## YOUR OBJECTIVE
Give back a single figure: the number of lines in the entries below that contain "SaniSure".

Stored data
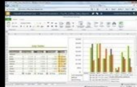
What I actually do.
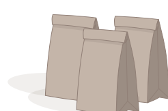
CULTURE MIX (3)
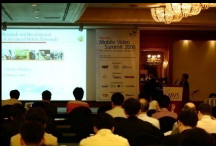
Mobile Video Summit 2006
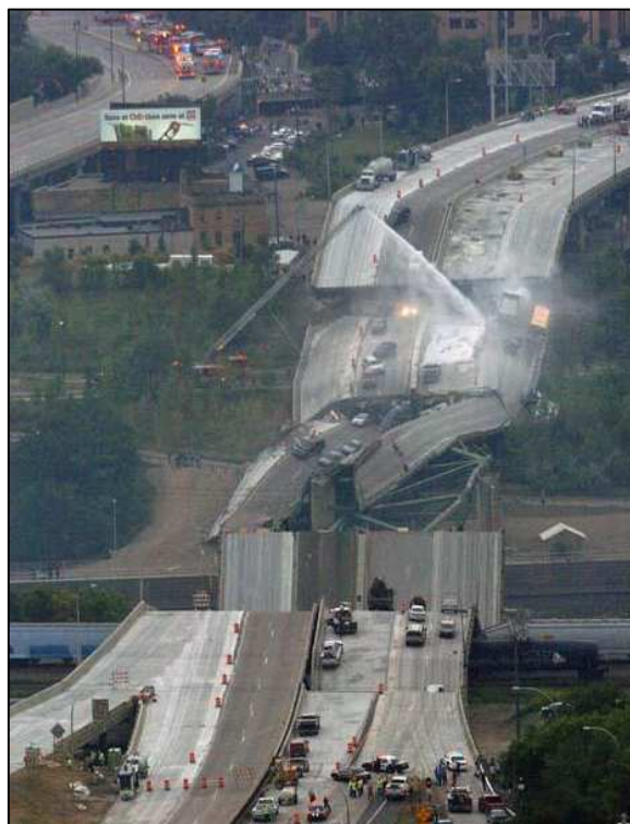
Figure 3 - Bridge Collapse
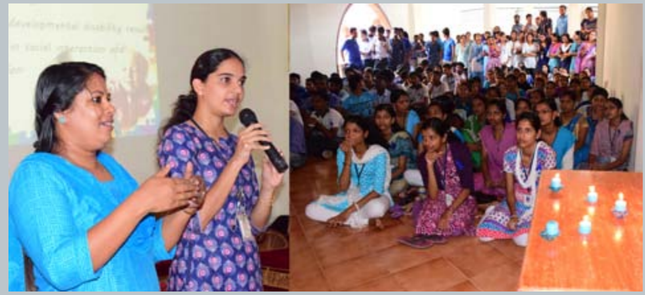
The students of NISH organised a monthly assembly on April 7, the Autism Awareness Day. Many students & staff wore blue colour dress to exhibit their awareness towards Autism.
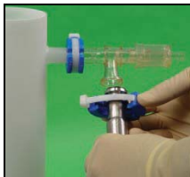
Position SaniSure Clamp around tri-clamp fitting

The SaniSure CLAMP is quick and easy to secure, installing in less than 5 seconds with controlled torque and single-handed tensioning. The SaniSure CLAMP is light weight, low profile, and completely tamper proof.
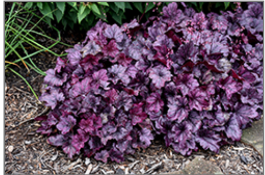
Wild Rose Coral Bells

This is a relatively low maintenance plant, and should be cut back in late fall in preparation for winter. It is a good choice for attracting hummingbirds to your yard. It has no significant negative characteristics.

## SOLUTION TO THE PROBLEM
2